On 7/25/24 14:18, Daniel P. Berrangé wrote:
On Thu, Jul 25, 2024 at 12:57:59PM +0200, Michal Privoznik wrote:
> Currently, qemuProcessStop() unlocks given domain object right in
> the middle of cleanup process. This is dangerous because there
> might be another thread which is executing virDomainObjListAdd().

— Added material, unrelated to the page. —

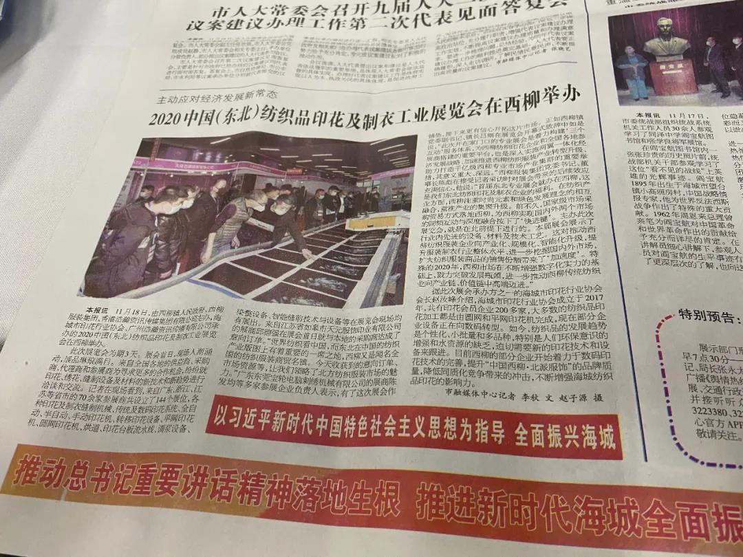 值得一提的是,此次浩瀚資訊能夠成功打入北方市場,尤其在東北留下深刻的影響力,還要再次感謝遼寧海城市西柳鎮(zhèn)人民政府、遼寧西柳服裝集團(tuán)、遼寧海城市印花行業(yè)協(xié)會(huì)等單位的大力支持。
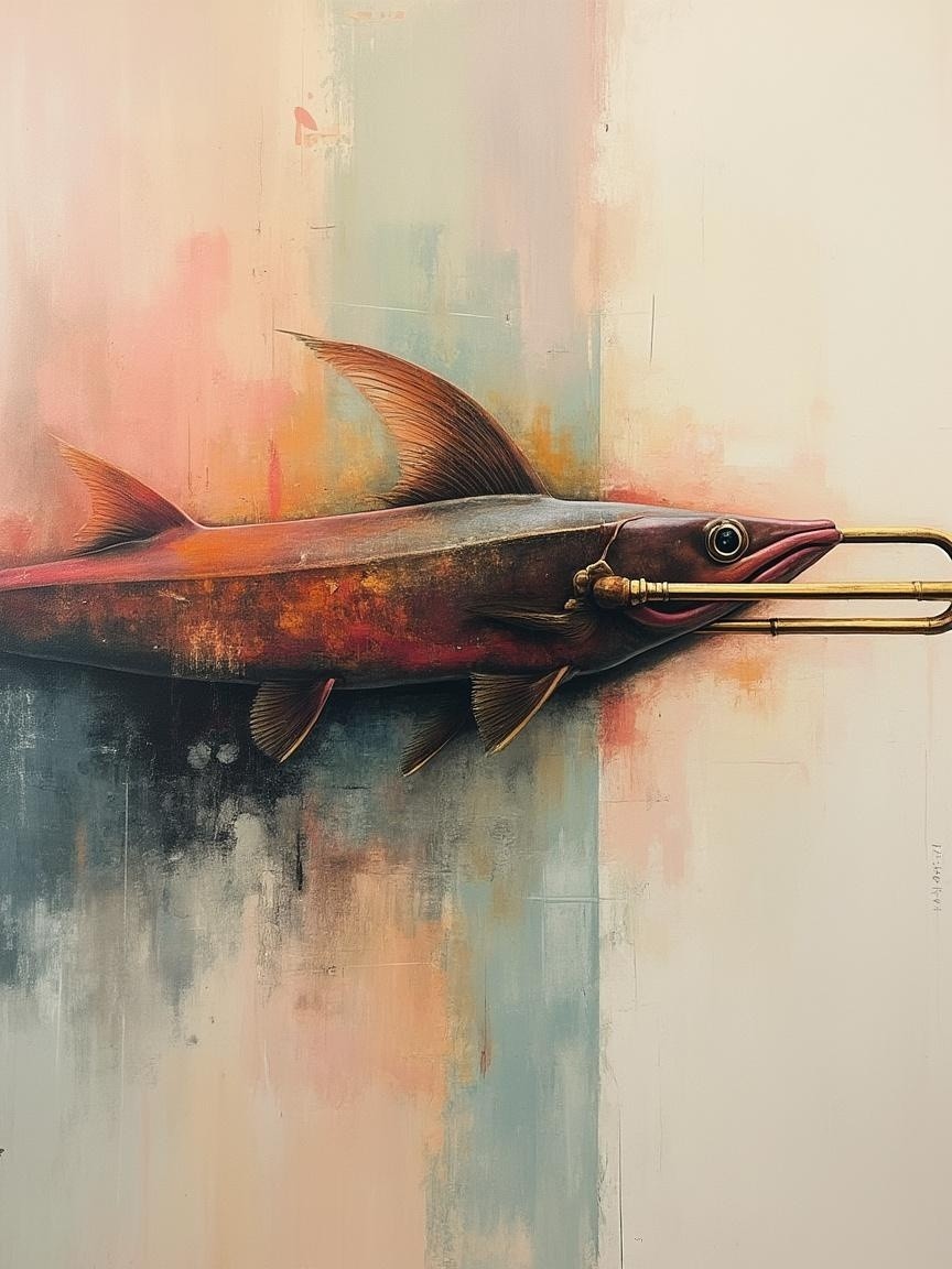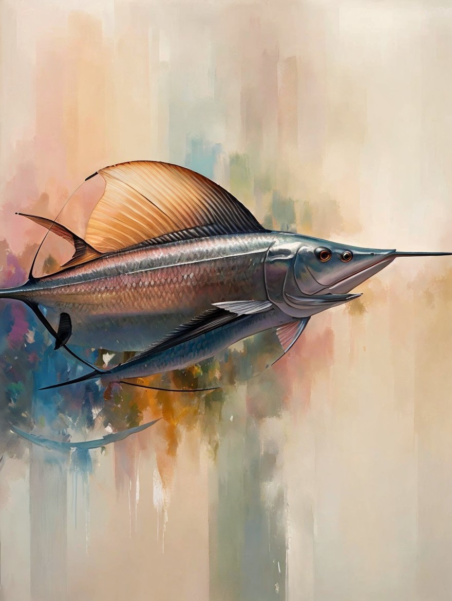 A graceful fish with elongated fins and a streamlined body swims against a soft, abstract background of pastel colors, adding an artistic touch to its aquatic elegance.

> And since the domain object is on the list of domain objects AND
> by the time qemuProcessStop() unlocks it the object is also
> marked as inactive, the other thread acquires the lock and
> switches vm->def pointer.
>
> The unlocking of domain object is needed though, to allow even
> processing thread finish its queue. Well, the processing can be
> done before any cleanup is attempted.
>
> Therefore, use freshly introduced virEventThreadStop() to join
> the event thread and drop lock/unlock from the middle of
> qemuProcessStop().
>
> Fixes: 3865410e7f67ca4ec66e9a905e75f452762a97f0
> Resolves:
https://issues.redhat.com/browse/RHEL-49607
> Signed-off-by: Michal Privoznik <mprivozn(a)redhat.com>
> ---
> src/qemu/qemu_process.c | 14 ++++++++++----
> 1 file changed, 10 insertions(+), 4 deletions(-)
>
> diff --git a/src/qemu/qemu_process.c b/src/qemu/qemu_process.c
> index 6255ba92e7..0869307a90 100644
> --- a/src/qemu/qemu_process.c
> +++ b/src/qemu/qemu_process.c
> @@ -8615,6 +8615,14 @@ void qemuProcessStop(virQEMUDriver *driver,
> * reporting so we don't squash a legit error. */
> virErrorPreserveLast(&orig_err);
>
> + /* By unlocking the domain object the events processing thread is
> + * allowed to finish its job. */
> + if (priv->eventThread) {
> + virObjectUnlock(vm);
> + virEventThreadStop(priv->eventThread);
> + virObjectLock(vm);
> + }
> +
I wonder if this is a little too early.
We don't call qemuMOnitorClose until a short while later,
just after we have done qemuProcessKill.
If we stop the event loop here, then I worry that we're
at risk of missing some final monitor events that might
be desirable ? eg the final lifecycle events indicating
that we're stopping/stopped ?
But can we close the monitor without a job? And IIUC, we shouldn't try
to stop the event loop thread with a job held (as those callbacks try to
acquire _MODIFY job on their own).
Michal